I visited my paternal relatives this afternoon for our mother’s day celebration. For a while I was able to focus on the conversations around me and add to them. This get together was the first time my cousin, Steven, brought his girlfriend. Steven is also the same cousin whose wife passed away from brain cancer (see blogs around October of ’12 for the posts from that time). I saw a few things about Steven and his girlfriend through social media so I knew her name and that she had a little boy. After we ate at a restaurant, we went over to my uncle’s for dessert and card/gift opening. I was able to see the little boy, Jack, play with my aunt, L. My aunt is the one who also struggles with depression. The thing I found so endearing was my aunt was the one really playing with Jack. I mean she was actually on the floor crawling around with him. While I watched them, I found another reason to admire her…but I also felt a stab of anger toward other family members. My aunt—for some messed up reason—has always been seen as a sort of black sheep. Whether it is for her having married a deadbeat—who she is now free from—or something else, I have never understood. Her 3 kids—my cousins—probably have the best parent-child relationship out of anyone else in the family. I mean I am willing to bet my cousins have little to no hesitancy when confiding in her. Whereas I, as seen copious times in previous posts, tell my parents as little as possible when it comes to deep stuff. If I had to choose one relative to tell something to, my aunt L would be at the top of the list. Why the family—including her own siblings—see her in such a negative light, I haven’t a f***ing clue!!

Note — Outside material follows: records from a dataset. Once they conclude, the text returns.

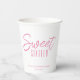 Modern pink Sweet Sixteen paper cups. The text on the cups can be personalised, making it a perfect fit for a girls 16th birthday party celebration. The customisable feature allows for adding names, dates, special messages, or any other relevant information to make the event more special. Matching items available. Please use the message me button below for help with further customisation and special requests.
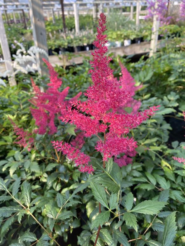 Regal, rugged, beautiful, and pest free plants with green foliage that is deep cut and feathery. Plants grow from fibrous rooted crowns that form clumps. Colorful plumes brighten shady areas. Salmon-red, dense, feathery, plumes held above the foliage. Great option for cut or dried flowers. Plant in rich, evenly moist yet well draining soil in full shade to part sun. If planted in a sunny spot be sure to maintain adequate moisture. Deer and rabbit resistant, attracts pollinators.
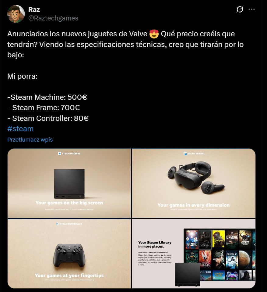 Rozstrzał cenowy w przypadku Steam Frame bywa naprawdę różny, ale dominują opinie, że będzie on kosztował poniżej 800 dolarów. Osobiście uważałbym, że cena w okolicach 500 dolarów jest całkiem realna – PSVR2 obecnie kosztuje 399 dolarów (z premierowych 549,99), z kolei niezależne Meta Quest 3 to koszt 329 dolarów. Jeśli Valve faktycznie chciałoby nieco „zawojować” przestrzeń VR i faktycznie dać jej szansę na nową falę popularności, to musiałoby zaoferować cenę podobną, a nawet niższą niż konkurencja. Dlatego chciałbym, aby ten sprzęt wyceniono w okolicach 400 dolarów.
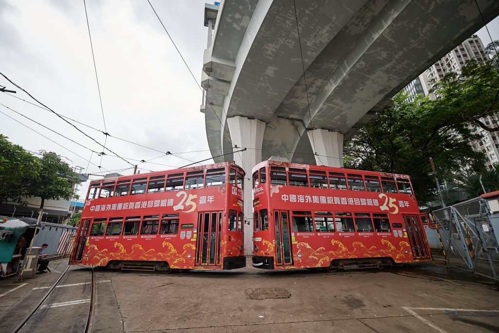 慶賀香港回歸祖國25周年的電車廣告採用紅色為主色,寓意祖國繁榮;底部金色的浪潮代表中國海外集團的「領潮」文化,象徵著集團不斷超越、引領趨勢、勇立潮頭。目前,5架印上慶賀廣告的電車已正式運行。
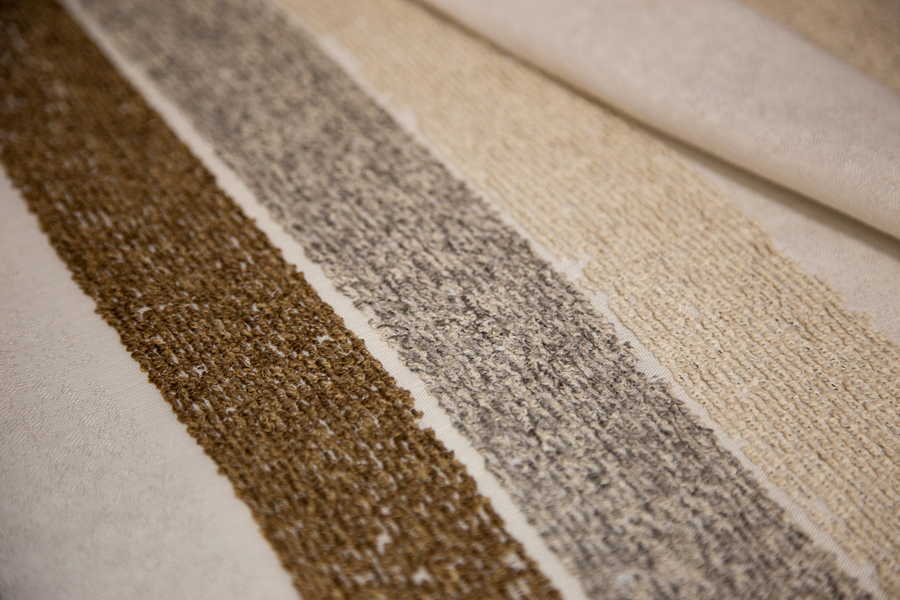 Отличается ненавязчивым цветным градиентом и значительно большим количеством полосок — впрочем, таких же нарочито распушенных и фактурных. Переходы между оттенками и число полосок олицетворяют движение, скрытый в нитях жаккарда ритм, что добавляет больше энергии в само пространство.

When I was a kid, I was so oblivious to this tension for the most part. My dad would just tell me “don’t end up like L.” That was the only glimpse I had in regards to the family’s opinion. I’ll tell you this: when I was diagnosed with depression at 13, it didn’t take long for my dad’s words to play over and over and over in my head. I feel a sense of deep shame when I think about times my “secret” had to be covered up: Thanksgiving of ’09 when I was in the psych hospital, December of ’03 when my scars from self-inflicted wounds were uncovered when my sleeve slid up a bit (I just happened to be sitting next to the most judgmental person in my family). My mom was quick to cover the truth with the classic “it’s a scratch.” And the times I was quiet due to low mood…I probably have used “I’m just tired” or “I just have a headache” over 100 times easy. It’s absolutely pathetic!!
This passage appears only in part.